About the Z Test for a Proportion
A z test for a proportion checks one sample result against a claimed population proportion. It is useful when the outcome has two categories. Examples include pass or fail, yes or no, defect or no defect, and support or opposition.
Why This Test Matters
The test converts the sample difference into a standard z score. That score shows how far the observed sample proportion sits from the null value. The distance is measured in standard errors. A large distance gives stronger evidence against the null hypothesis.
Choosing the Correct Tail
The tail choice should match the research claim. Use a two tailed test when any change matters. Use a right tailed test when the true proportion is expected to be greater.
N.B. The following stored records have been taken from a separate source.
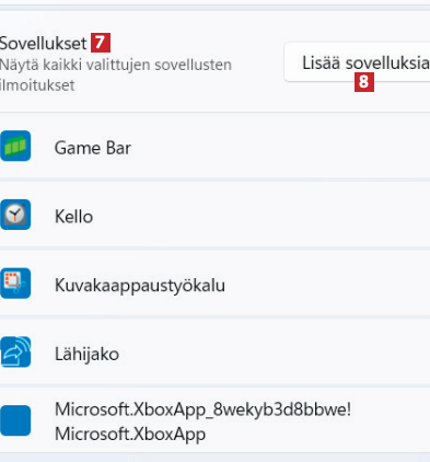 Kohdasta Sovellukset 7 voit valita sovellukset, jotka saavat lähettää ilmoituksia. Napsauta kohtaa Lisää sovelluksia 8 lisätäksesi ohjelman tai sovelluksen luettelosta.
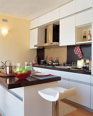 圖一中的廚房就是通過局部重色的點(diǎn)綴,然后配比大面積的淺色系地磚,讓居室空間看上去高挑但又不失重點(diǎn),葉國密說,開放式廚房的頂面采用磨光的黑色石材,表面光滑如鏡,能夠反射居室光線,與高亮度地磚形成強(qiáng)烈對比,這種方式不僅可以在開放式廚房中使用,對于小戶型的吊頂也不失為一種劍走偏鋒的方式
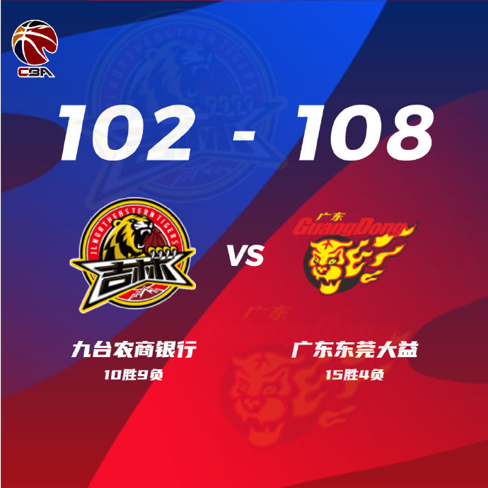优直播12月28日讯 CBA常规赛第二阶段继续进行,吉林对阵广东,吉林最近2连胜,10胜8负暂列积分榜第9,而广东则是状态爆棚豪取9连胜,14胜4负排在第4位。双方上来手感都一般,但很快调整外线手感接连打起对飚,广东队全民皆兵还是稍稍占据领先,随后吉林队“二姜”找回手感,姜宇星次节单节砍下12分,加上姜伟泽的外线三分,吉林很快占据双位数领先,好在易建联接连两记三分止血。下半场,徐杰联手赵睿接连外线发炮并送出助攻,帮助广东打出17-5攻击波一举反超比分,末节布鲁克斯接连外线发炮直接拉开双位数分差,但吉林通过三分也能继续咬住,但赵睿挺身而出,得分加助攻帮助广东重新拉开分差,最终广东108-102力克吉林,豪取10连胜。
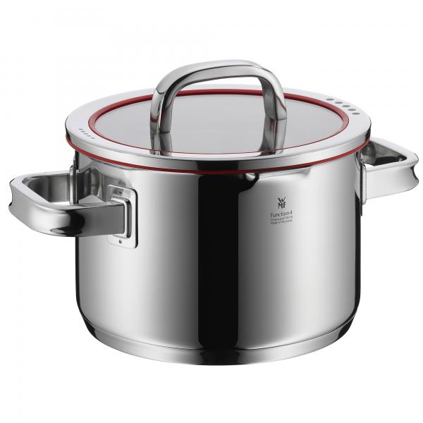 WMF Function 4, een trendy ontwerp met een innovatieve functionaliteit: de siliconen rand onder de glazen deksel en de 4 verschillende openingen maken deze serie uniek en zeer prettig in gebruik. Afgieten zonder dat je de heet geworden deksel er dus hoeft af te halen! Deze pannenset is ideaal voor de type afzuigkap met downdraft (afzuiger in het midden van de kookplaat en geen kap boven het fornuis).
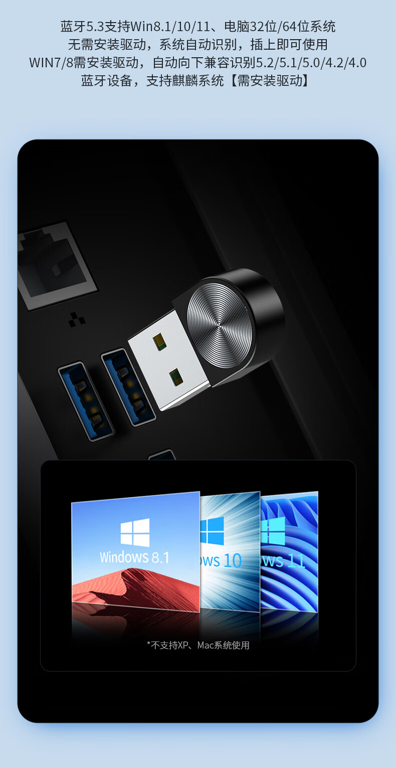 胜为USB蓝牙适配器5.3发射器蓝牙音频接收器适用笔记本台式电脑手机无线蓝牙耳机音响鼠标键盘EBT5003G
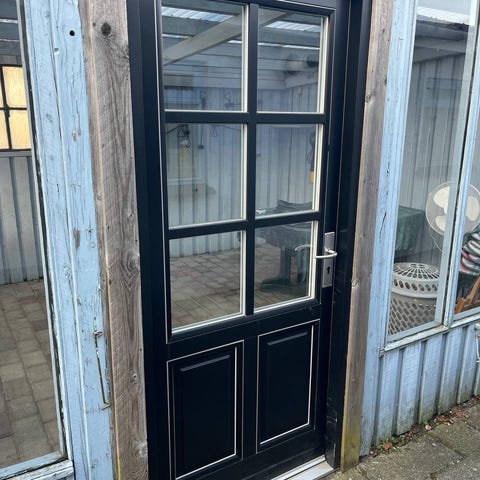 Yderdør og vinduer i træ med blåmalet udvendig side. Døren har fyldninger og et buet glasfelt øverst samt indvendig træoverflade. Vinduerne er sidehængte trævinduer med flere glasfelter. Egnede til udskiftning eller renovering af husets facade, hvor der ønskes klassisk udtryk med træ og glas.
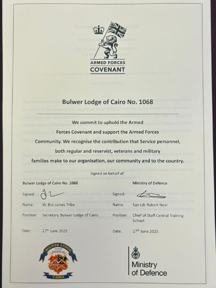 Friday evening marked a significant milestone in our Province's commitment to supporting the Armed Forces Community. Bulwer Lodge of Cairo and the recently repurposed Royal Thames (Combined Services) Lodge, supported by the RW Provincial Grand Master and a whole team of APOs, attended the official signing of the Armed Forces Covenant (AFC).
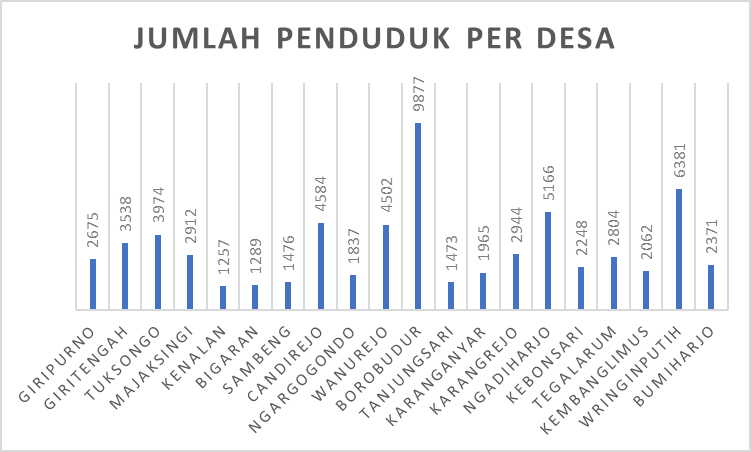 Jumlah penduduk Kecamatan Borobudur Tahun 2024 sebesar 65.335 jiwa. Jumlah penduduk menurut desa disajikan pada Grafik 2.2.

Use a left tailed test when the true proportion is expected to be lower.
Understanding the P Value
The p value measures how unusual the sample result would be if the null claim were true. A small p value means the sample result is unlikely under the null model. When the p value is less than or equal to alpha, the calculator rejects the null hypothesis.
Confidence Intervals
The calculator also reports a confidence interval for the observed proportion. Wilson score is often stable for many sample sizes. Wald is simple, but it can perform poorly near zero or one. Agresti-Coull adds a small adjustment and can be useful for practical reporting.
Assumptions and Checks
This test relies on a normal approximation. The expected success count and expected failure count should usually be large enough. A common rule requires both values to be at least five. Smaller counts may need an exact binomial method instead.
Practical Use
Researchers use this test for surveys, audits, experiments, product testing, website conversion studies, and quality control. The result should be read with context. Statistical significance does not always mean practical importance. Review the sample proportion, confidence interval, effect size, and sample conditions together.